Plus, frankly, being associated with the brand, IIFT was an opportunity no one should ever leave.
- Ist/ IInd Year Law students.
- Students interested in the field of research and do not mind long sessions with huge books in the library.
- Students interested specifically in issues related to international law and trade.
- Students who are clueless of what kind of internship they want and would want to give it a shot for CV value. (Like, seriously. No lies. It’s human nature)
1st July- 25th July’ 2015.
Monday to Friday (5 Days a week)
9.00 a.m to 5.00 p.m but one could leave by 4.00 pm.
This was the best part. For a person who had just completed a rigorous non-flexible Monday to Saturday, 10am-7pm taxing internship, this internship provided with a free Saturday which could be put in use to some good Delhi shopping regimes. What more a young girl could ask for?
7th Floor, IIFT Bhawan, B-21, Qutab Institutional Area, New Delhi – 110016
The nearest metro station was- Hauz Khas. (Delhi Metros: Making Delhi internship life bearable, happier and friendlier for the pocket since almost a decade, Yay.)
From the metro station, one can either hire an auto which would take around Rs. 60-80 depending on the combination of various conditions like the rush, traffic, weather and most importantly, the oh-so-variable Delhi auto-drivers mood.
Preferably, one can befriend a couple of co-interns and decide to reach the metro station at the same time in order to pool in auto-ride fares every day.
Or, if you would want to save a little in your pocket, you could travel in the metro bus which was frequently available after regular intervals right from the metro gate and cost you Rs. 5 till the Katwaria Sarai.
(Do not forget to carry 5-rupee coins for the same, else getting the change back would turn up to be a more difficult task then getting your internship work completed).
In this case, you would have to sit (if you’re lucky enough to get a seat) or go standing all the way squeezed between people due to the constantly filling bus.
From Katwaria Sarai, one could very easily walk a 500 metre distance(Put Google Maps into action) to reach the grand campus of the Indian Institute of Foreign Trade having some really fancy government organisations like the 7th Pay commission office, NCERT office etc, in its vicinity which made the location quite posh and clean.

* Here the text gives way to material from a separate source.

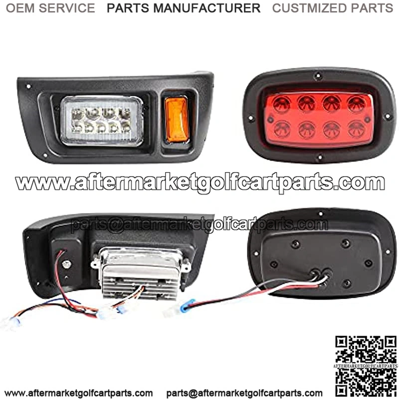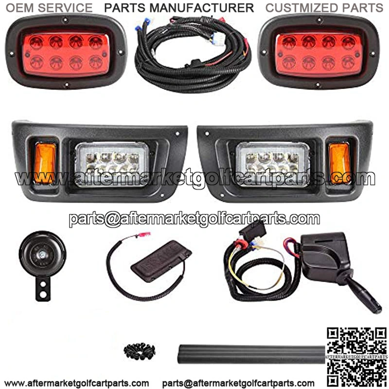 Golf cart deluxe LED kit for Club Car DS 1993-up gas & electric models, upgrade version includes low/high beam, daytime running lamp, turn signal light, brake lights, hazard light, horn function Input voltage 16V-80V, built-in DC converter and can connect to battery directly. If connect to 12V battery, the built-in DC converter needs to be disconnected to avoid voltage shortage New high and low beam function allows you to freely choose the intensity of the light in the day or night Kit includes: 2* LED front headlight, 2* LED taillight, 1* horn, 1* turn signal lever with headlight/horn switch, 1* steering column cover, 1* brake pad, 1* plug & play wiring harness, 1* screw set, 1* installation instructions Comes with detail instruction, it will takes about 2 hours to install. Offering 1-year limited warranty, please feel free to contact us for any assistance you might need

One is advised to send their updated CVs around four-five months prior to the month for which they want to get the internship for.
Mails in the proper format should be sent to the Administrative Officer of the centre, Mr. A.K.Lahiri at email@example.com
Editor’s note: Do not send emails en masse to the above email ID. Your application will be rejected.
First, seriously consider if you really want to apply here. If yes, apply with a customized CV and cover letter.
The authorities are very prompt in reverting and you can expect a reply within a week regarding either the acceptance or the rejection of the internship.
If you’ve a decent CV and the slots for the same have been already filled, they might ask you another set of dates which you would wish to intern in. Bingo!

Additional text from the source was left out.